> [Entries taken from a collection]:
______

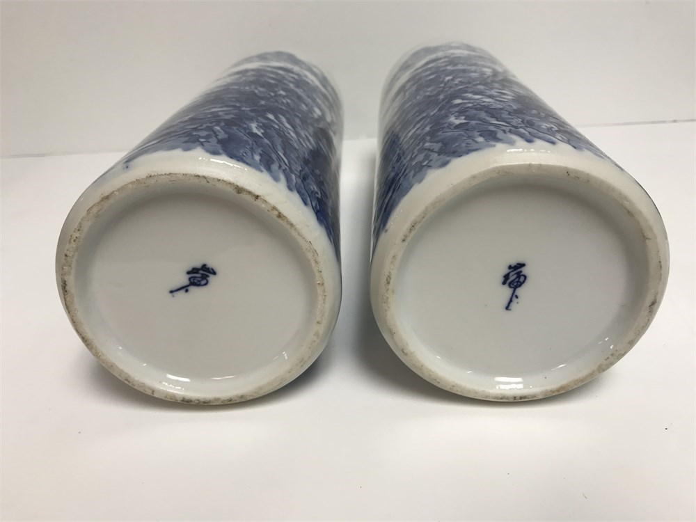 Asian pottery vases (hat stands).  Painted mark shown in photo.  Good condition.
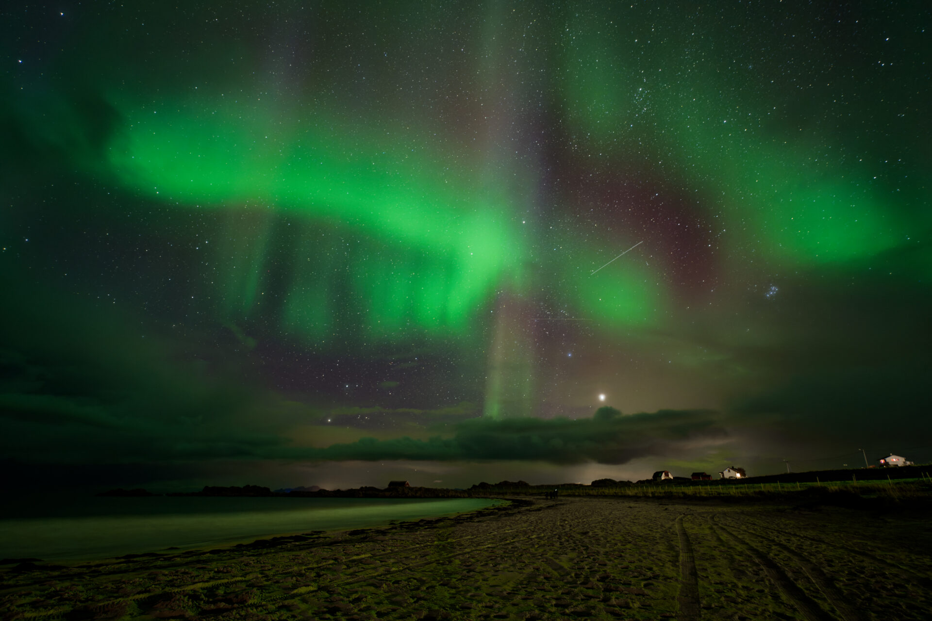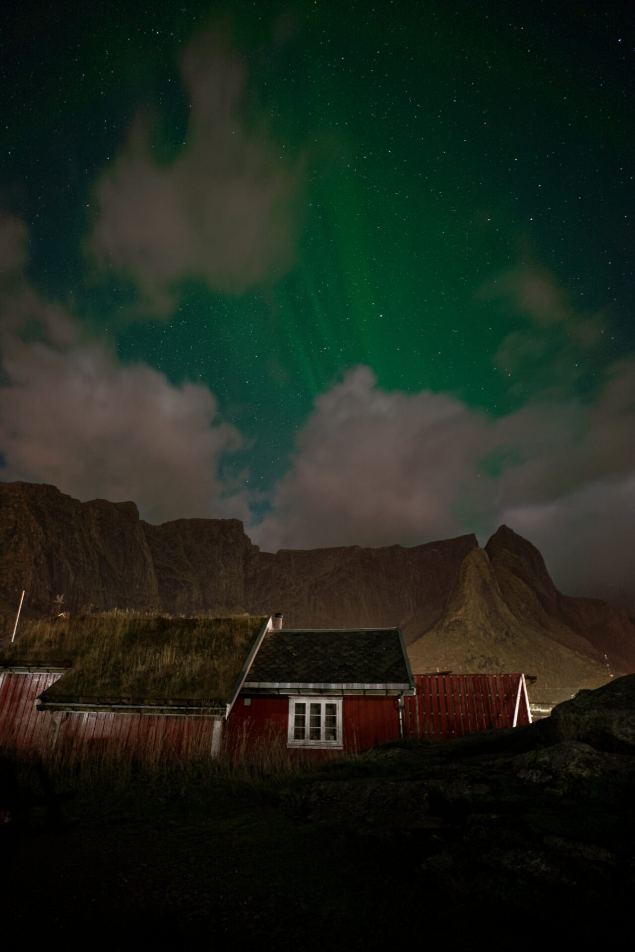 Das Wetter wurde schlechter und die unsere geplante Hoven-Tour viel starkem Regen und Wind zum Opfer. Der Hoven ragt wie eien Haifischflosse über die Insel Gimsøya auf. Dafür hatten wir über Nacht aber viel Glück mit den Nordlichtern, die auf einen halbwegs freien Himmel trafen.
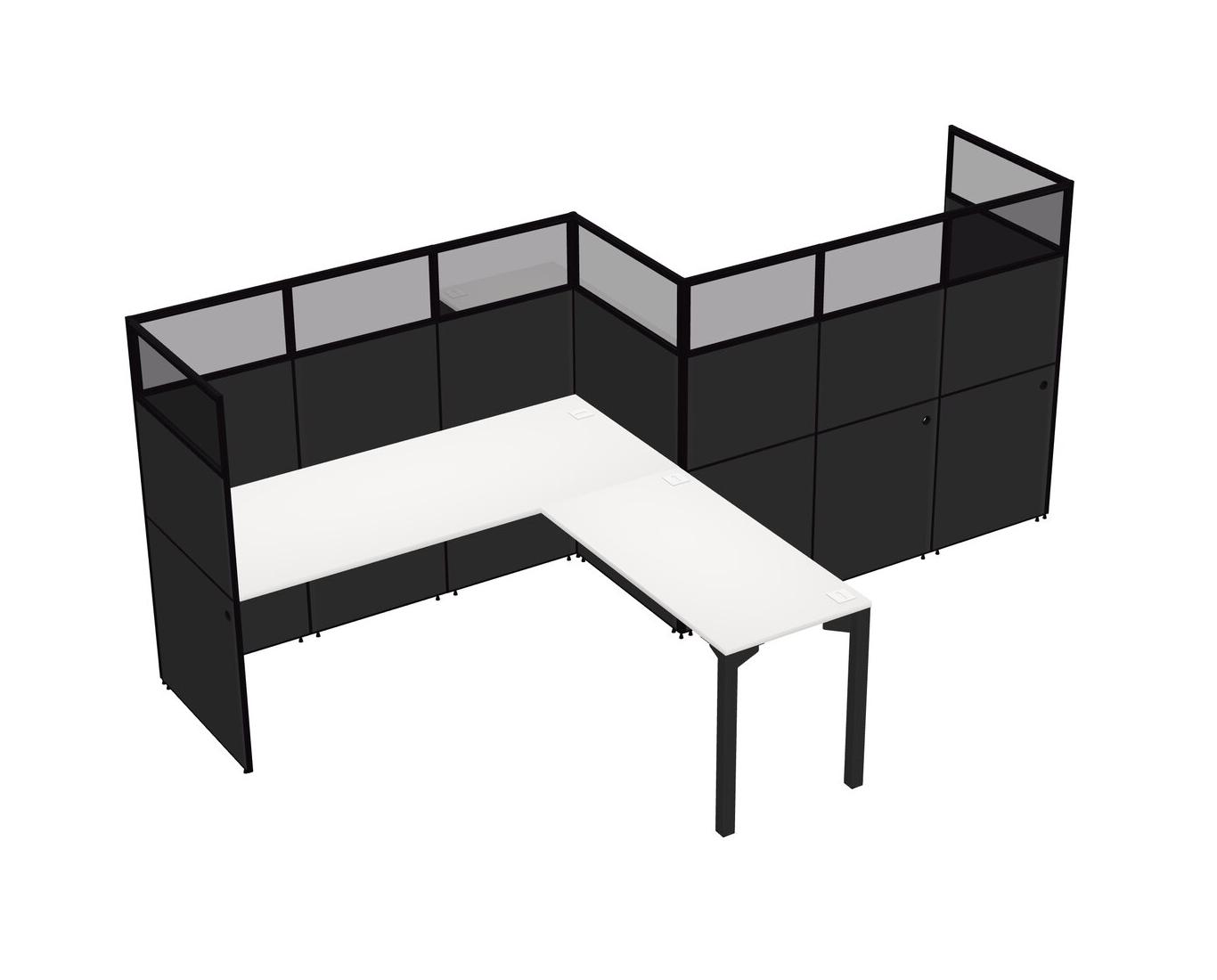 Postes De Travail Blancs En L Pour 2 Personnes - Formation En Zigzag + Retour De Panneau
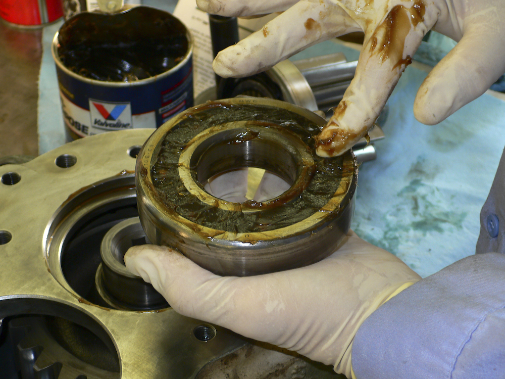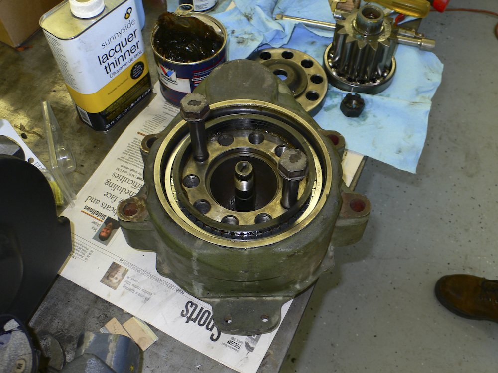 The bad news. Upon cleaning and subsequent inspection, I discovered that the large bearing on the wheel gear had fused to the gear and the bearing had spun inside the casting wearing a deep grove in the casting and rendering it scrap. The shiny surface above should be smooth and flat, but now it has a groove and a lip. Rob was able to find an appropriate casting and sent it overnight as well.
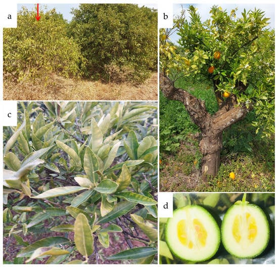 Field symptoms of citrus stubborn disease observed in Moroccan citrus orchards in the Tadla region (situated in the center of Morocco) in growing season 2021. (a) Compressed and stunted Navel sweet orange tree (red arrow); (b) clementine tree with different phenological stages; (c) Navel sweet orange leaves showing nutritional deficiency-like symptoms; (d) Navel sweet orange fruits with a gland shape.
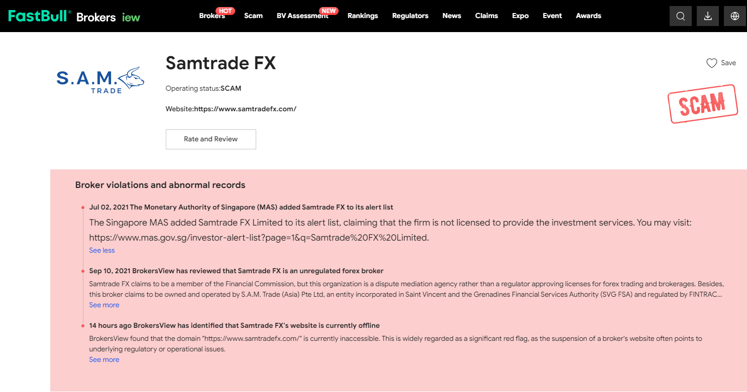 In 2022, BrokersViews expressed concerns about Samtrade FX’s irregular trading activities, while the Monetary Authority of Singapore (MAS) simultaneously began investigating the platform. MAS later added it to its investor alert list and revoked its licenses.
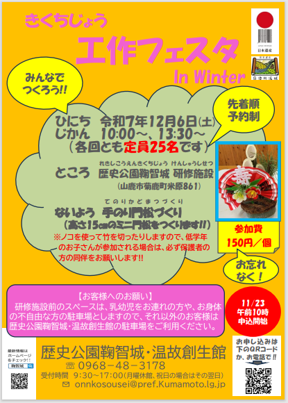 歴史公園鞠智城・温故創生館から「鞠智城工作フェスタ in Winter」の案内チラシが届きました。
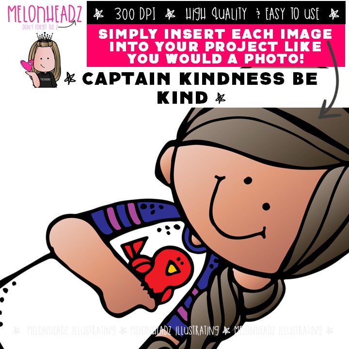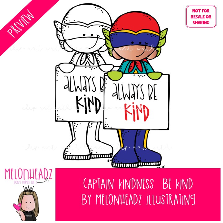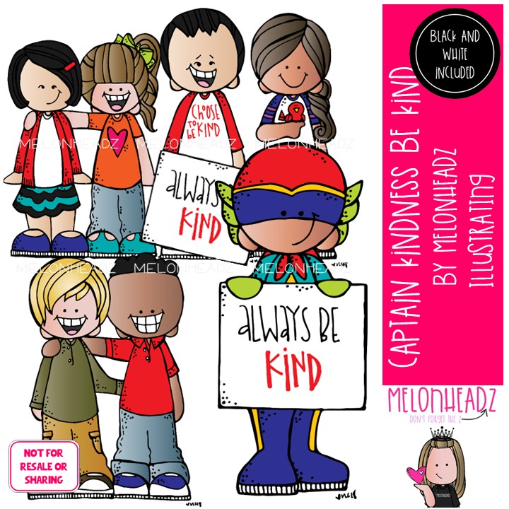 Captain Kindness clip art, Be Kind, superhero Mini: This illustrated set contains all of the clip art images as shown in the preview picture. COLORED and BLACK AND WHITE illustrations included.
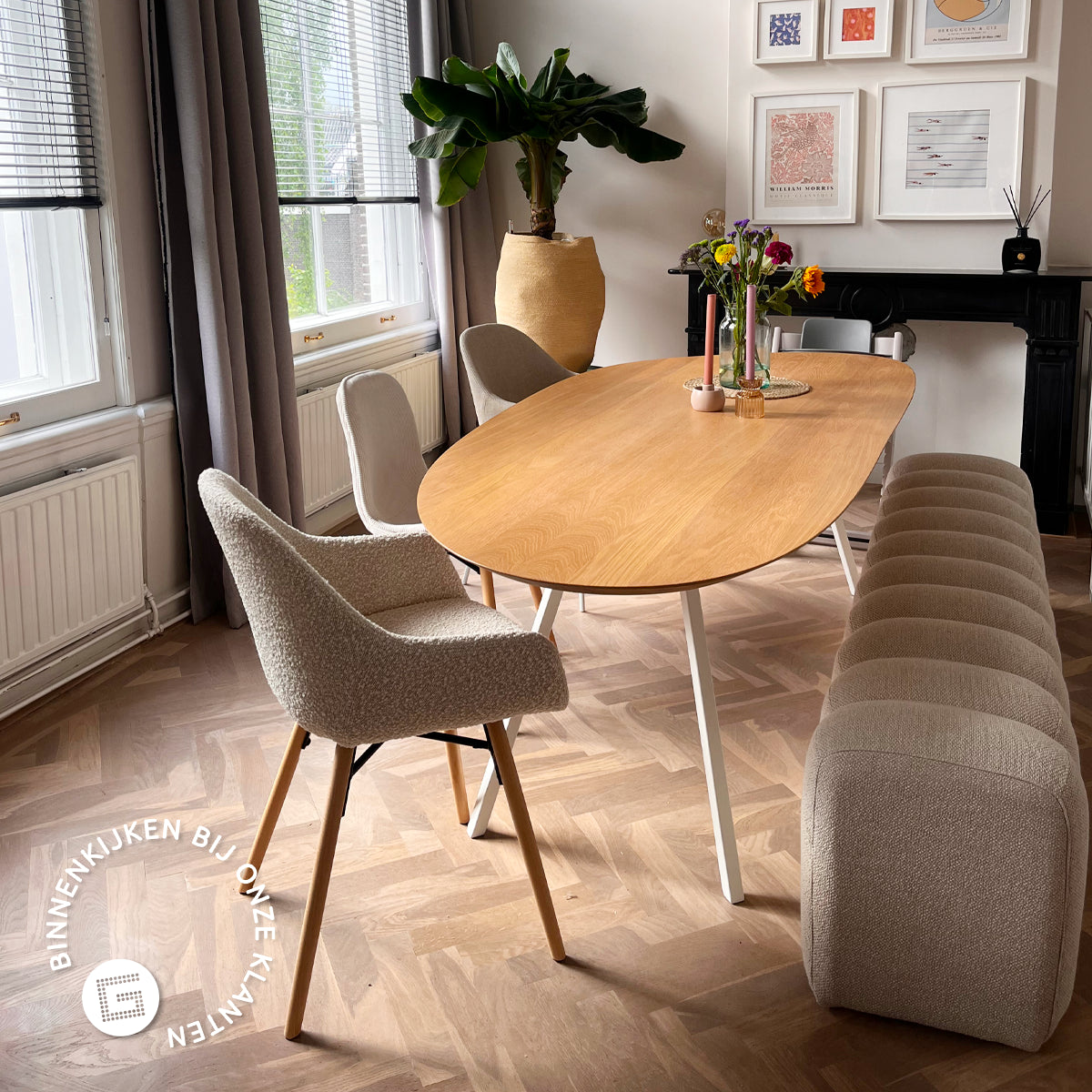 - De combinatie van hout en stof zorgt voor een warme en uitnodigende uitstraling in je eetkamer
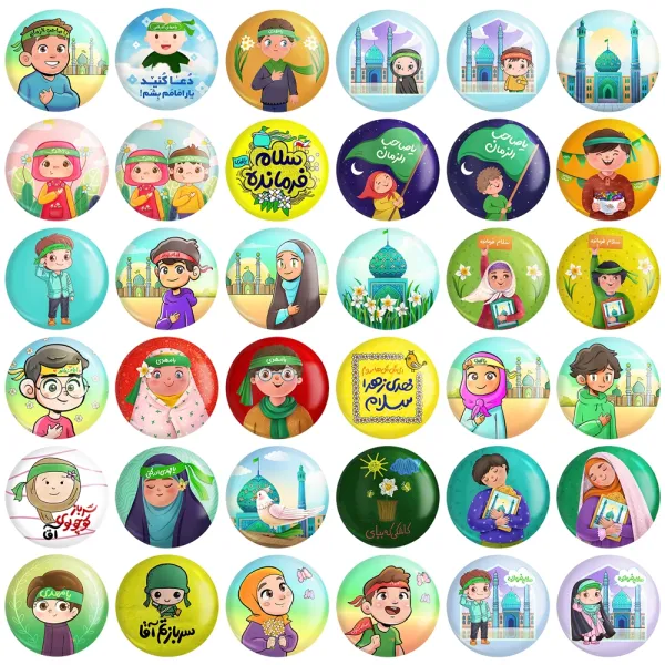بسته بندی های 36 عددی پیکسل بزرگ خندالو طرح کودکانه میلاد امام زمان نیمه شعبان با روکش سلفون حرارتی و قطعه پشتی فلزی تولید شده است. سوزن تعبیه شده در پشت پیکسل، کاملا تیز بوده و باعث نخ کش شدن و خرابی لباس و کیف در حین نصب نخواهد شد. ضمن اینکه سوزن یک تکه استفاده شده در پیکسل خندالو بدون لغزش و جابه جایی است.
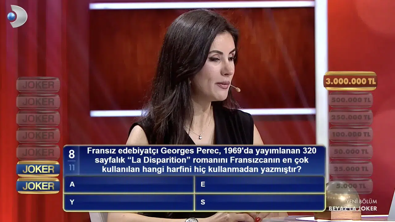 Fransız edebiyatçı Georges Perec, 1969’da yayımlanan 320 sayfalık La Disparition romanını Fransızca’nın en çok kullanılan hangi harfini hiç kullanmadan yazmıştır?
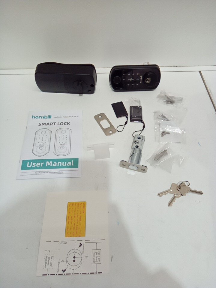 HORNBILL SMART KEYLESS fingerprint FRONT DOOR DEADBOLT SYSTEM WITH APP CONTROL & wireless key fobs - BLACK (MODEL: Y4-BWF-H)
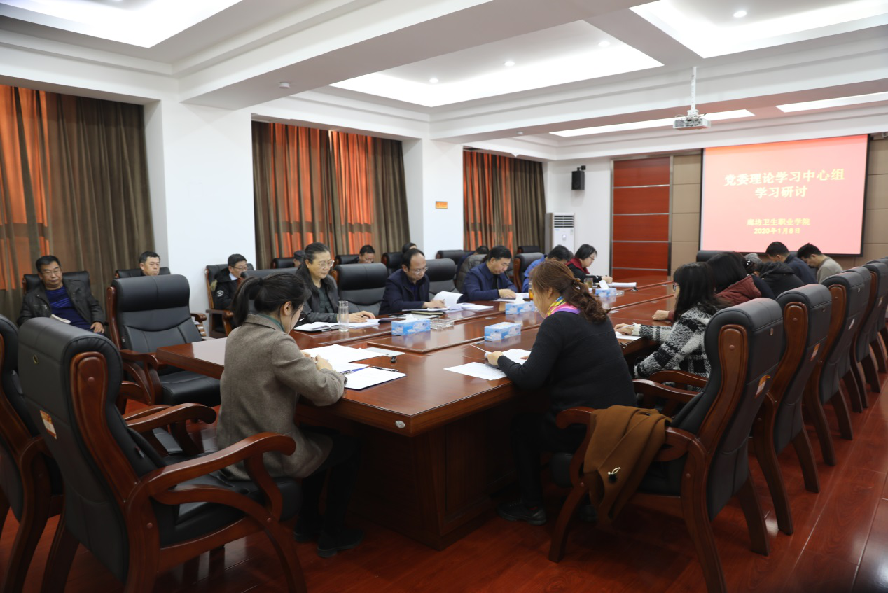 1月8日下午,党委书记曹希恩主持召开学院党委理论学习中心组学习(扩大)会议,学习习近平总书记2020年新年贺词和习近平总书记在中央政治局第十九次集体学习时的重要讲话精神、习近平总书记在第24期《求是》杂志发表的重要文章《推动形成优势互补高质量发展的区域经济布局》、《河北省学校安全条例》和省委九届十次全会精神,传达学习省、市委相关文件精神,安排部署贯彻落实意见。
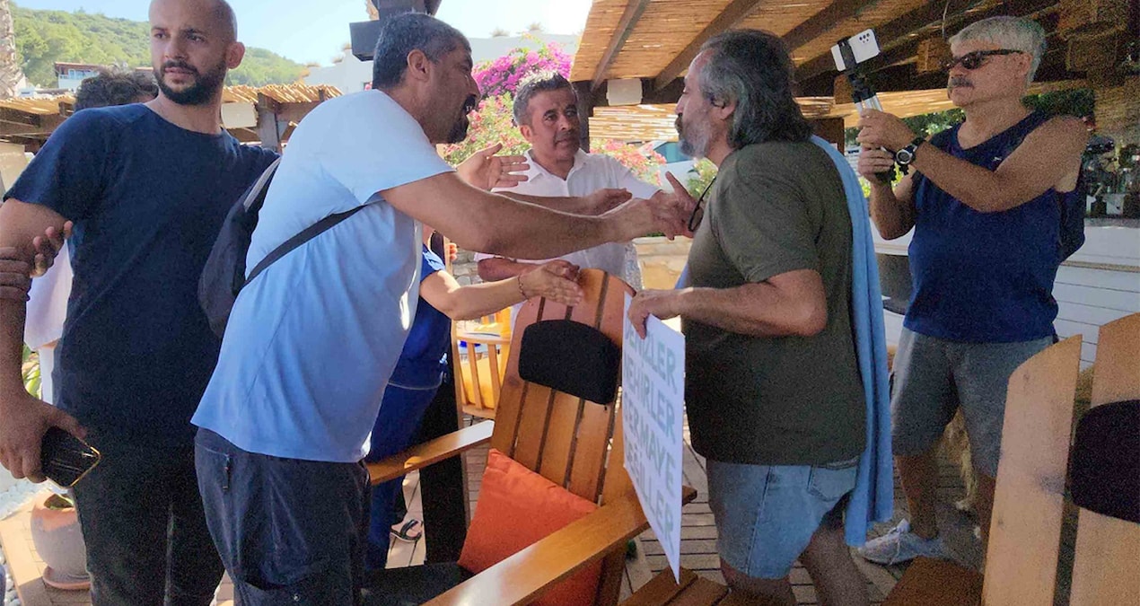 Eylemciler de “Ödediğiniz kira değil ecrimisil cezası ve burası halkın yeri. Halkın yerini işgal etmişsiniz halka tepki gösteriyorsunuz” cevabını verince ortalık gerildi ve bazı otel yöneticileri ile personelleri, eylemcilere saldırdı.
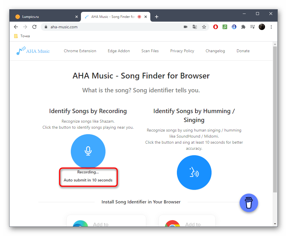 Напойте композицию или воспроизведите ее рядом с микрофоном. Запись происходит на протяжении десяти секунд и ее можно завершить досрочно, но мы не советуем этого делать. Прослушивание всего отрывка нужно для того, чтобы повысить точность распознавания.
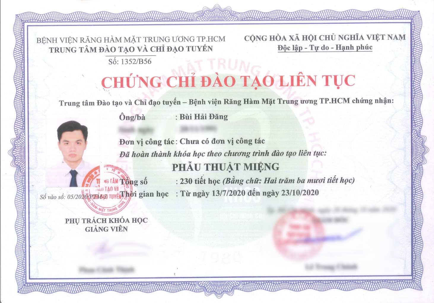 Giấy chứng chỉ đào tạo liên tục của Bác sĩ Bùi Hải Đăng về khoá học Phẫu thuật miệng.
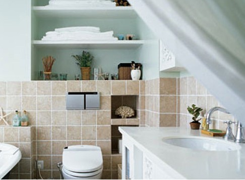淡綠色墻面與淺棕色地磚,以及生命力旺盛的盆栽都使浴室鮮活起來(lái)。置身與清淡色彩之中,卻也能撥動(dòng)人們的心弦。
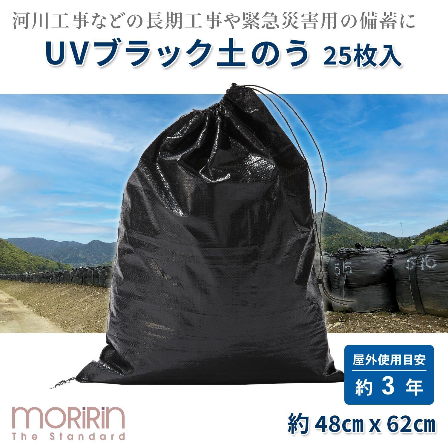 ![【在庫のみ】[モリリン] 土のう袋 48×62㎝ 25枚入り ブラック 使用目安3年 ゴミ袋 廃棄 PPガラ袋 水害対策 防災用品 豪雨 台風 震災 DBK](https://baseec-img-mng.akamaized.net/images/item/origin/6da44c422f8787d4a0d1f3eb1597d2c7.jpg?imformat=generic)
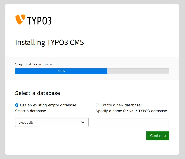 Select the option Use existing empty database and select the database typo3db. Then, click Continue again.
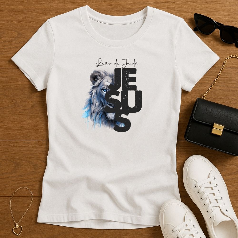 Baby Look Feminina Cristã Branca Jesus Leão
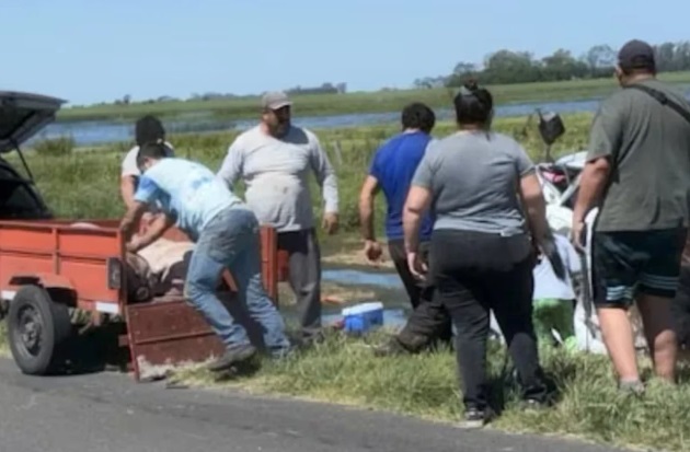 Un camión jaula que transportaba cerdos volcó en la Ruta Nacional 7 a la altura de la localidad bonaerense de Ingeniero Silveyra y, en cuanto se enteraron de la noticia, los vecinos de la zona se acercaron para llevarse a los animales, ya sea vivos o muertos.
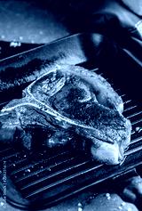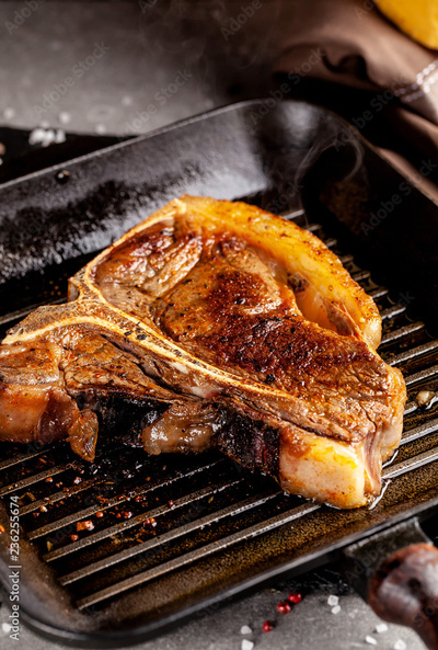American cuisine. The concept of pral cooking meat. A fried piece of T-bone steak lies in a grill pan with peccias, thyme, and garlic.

______

Omitting all pictures, retype exactly the lines from the line containing "Giấy chứng chỉ" down to the last line above, both ends included.

> [Result of this task]:
 Giấy chứng chỉ đào tạo liên tục của Bác sĩ Bùi Hải Đăng về khoá học Phẫu thuật miệng.
淡綠色墻面與淺棕色地磚,以及生命力旺盛的盆栽都使浴室鮮活起來(lái)。置身與清淡色彩之中,卻也能撥動(dòng)人們的心弦。
 ![【在庫のみ】[モリリン] 土のう袋 48×62㎝ 25枚入り ブラック 使用目安3年 ゴミ袋 廃棄 PPガラ袋 水害対策 防災用品 豪雨 台風 震災 DBK](https://baseec-img-mng.akamaized.net/images/item/origin/6da44c422f8787d4a0d1f3eb1597d2c7.jpg?imformat=generic)
 Select the option Use existing empty database and select the database typo3db. Then, click Continue again.
 Baby Look Feminina Cristã Branca Jesus Leão
 Un camión jaula que transportaba cerdos volcó en la Ruta Nacional 7 a la altura de la localidad bonaerense de Ingeniero Silveyra y, en cuanto se enteraron de la noticia, los vecinos de la zona se acercaron para llevarse a los animales, ya sea vivos o muertos.
American cuisine. The concept of pral cooking meat. A fried piece of T-bone steak lies in a grill pan with peccias, thyme, and garlic.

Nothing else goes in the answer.